The managing director of Good Neighbour MFB, said: “In developed economies, the people are more trust worthy with money, but our people are not. The average Nigerian would want to have loans without having the intentions to pay back. Nigeria is not the first country where micro-financing has been practiced, but the activities of these defaulters are killing the industry. We want government and the CBN to help us implement stringent measures to safe guard our investors’ deposit.” he said.

This was corroborated by Mr. Ezama, managing director of Meridian MFB, who noted that such a trend is on the increase and has altered the intention of the MFBs. “Micro-financing is mass banking and we know that majority of Nigerians can’t access loans from commercial banks. Sometimes, people ask for loan to stock their shops, only to use the money to pay rents or school fees. When it is time to pay back such loan, they would not be able to do so since they didn’t restock their shops.”

Regarding the appointment of Sanusi and his ability to deliver on the review of the micro finance policy and access to increased funds, as canvassed for by the sector, some operators opine that since the CBN governor is from a royal family and has not experienced poverty, he might not be predisposed to handle the sector with the required amount of seriousness it deserves.

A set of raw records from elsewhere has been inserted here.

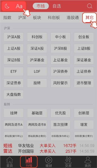 支持多市场的行情显示,涵盖了沪深A股、创业板、科创板、港股通、股转、港股、期货等行情及指数;提供人性化的大字体、小字体选择;提供白天、黑夜两种显示模式,切换方便。
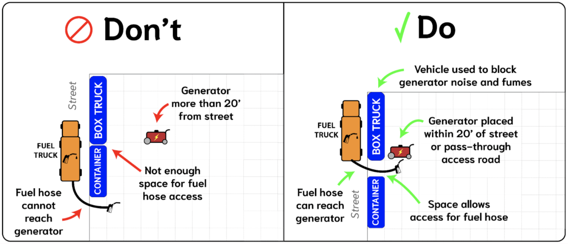 - Generators located close to the street can still remain hidden behind a structure, such as a container, so long as the fuel truck hose can reach it from the street (20’ length with relatively straight access and no obstructions to the walking path)
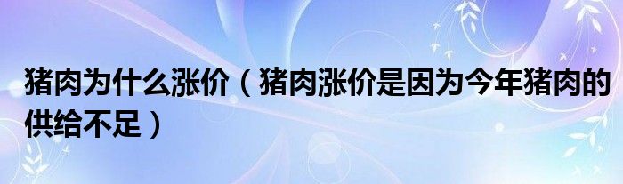 大家好,伊人來(lái)為大家解答以上問(wèn)題。豬肉為什么漲價(jià),豬肉漲價(jià)是因?yàn)榻衲曦i肉的供給不足很多人還不知道,現(xiàn)在讓我們一起來(lái)看看吧!

But, at a session at the National Assembly prior to his confirmation, Mr. Sanusi allayed this fear when he posited for the inclusion of SMEs and the integration of the rural economy for meaningful and sustainable growth of the economy.
According to Sanusi,

“You create new industries with power; the small-scale industries we are talking about cannot survive without power. All of us grow up in villages where people had grinding machines. In a village where a woman has a deep freezer and by simply selling ice water, she is able to pay electricity bills and feed herself and her family, we are reducing poverty rate. No cottage industry can survive without power.”

The Central Bank of Nigeria, in 2005, designed the Microfinance Policy Regulatory and Supervisory framework, which was launched by the then president, Obasanjo, on December 15, 2005.

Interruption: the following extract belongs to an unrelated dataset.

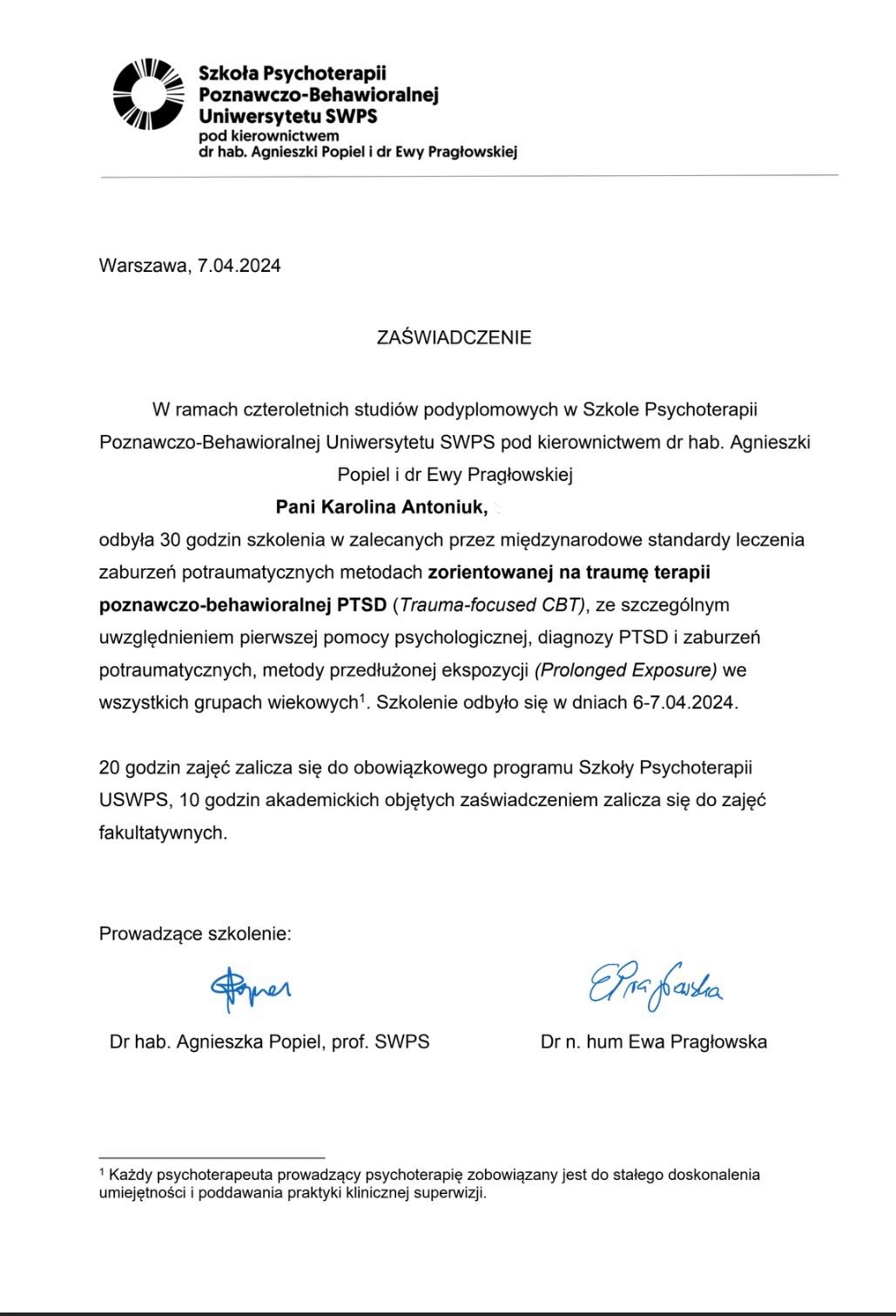 Jestem bardzo wdzięczna Pani Justynie za to, co razem udało nam się osiągnąć przez te pół roku terapii. Przyszłam zmagając się z silnymi lękami, a dziś wychodzę jako spokojniejsza, bardziej pewna siebie osoba. Pani Justyna stworzyła atmosferę zaufania i zrozumienia, w której mogłam poczuć się bezpiecznie i szczerze mówić o swoich trudnościach.

The objectives of the microfinance policy are to make financial services accessible to the 65 per cent of productive Nigerian population, which otherwise would have had little or no access to financial services and empower them to contribute to rural transformation; promote linkage platforms among universal/development banks, specialized institutions and microfinance banks; promote linkage programmes between universal/development banks, specialized institutions and micro-finance banks; enhance service delivery by micro-finance institutions to micro, small and medium scale entrepreneurs; and promote synergy and mainstream the informal sub-sector into the national financial system.

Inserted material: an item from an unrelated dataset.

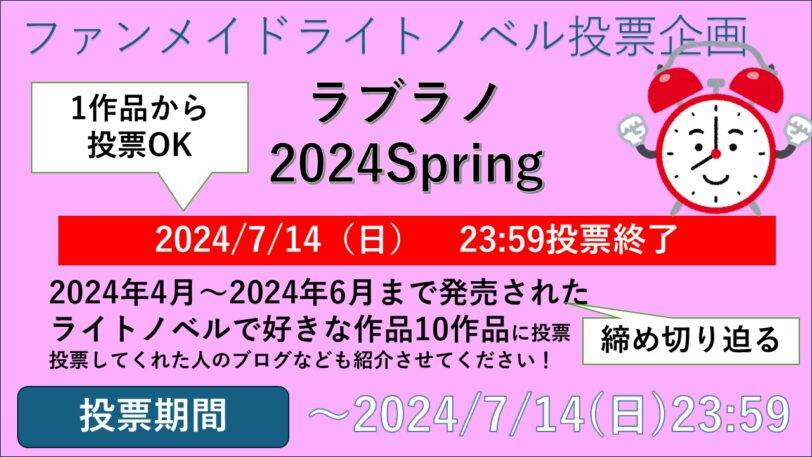 ちょっとだけ画像を直しましたが『ラブラノSpring』あと1日ちょっとだけになりました。何卒協力や投票を何卒よろしくお願いします。皆さんが盛り上げてくれることによって成り立つ企画なので本当によろしくお願いします。
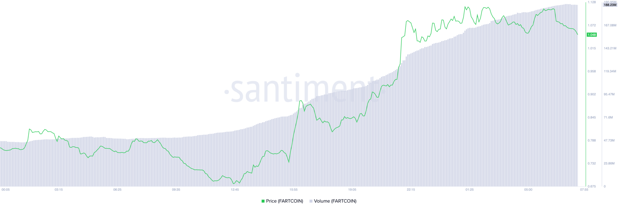 FARTCOIN Fiyat ve İşlem Hacmi. Kaynak: Santiment

The policy targets are to, among others, cover the majority of the poor but economically active population by year 2020, thereby reducing unemployment and poverty; increase the share of micro credit as percentage of total credit to the economy from 0.9 per cent in 2005 to, at least, 20 per cent in 2020, and the share of micro credit as percentage of GDP from 0.2 per cent in 2005 to, at least, 5 per cent in 2020; enhance women’s access to financial services by 5 per cent annually; and promote the participation of, at least, two-thirds of state and local government in micro credit by 2015.

How well these above set target is met by the MFBs by 2020, according to analysts, will depend on regular review and improvement of the policy, access to funds by the MFBs and increased supervision of the sector in the years leading to 2020, particularly the actions and inaction of Sanusi’s 5 years tenure.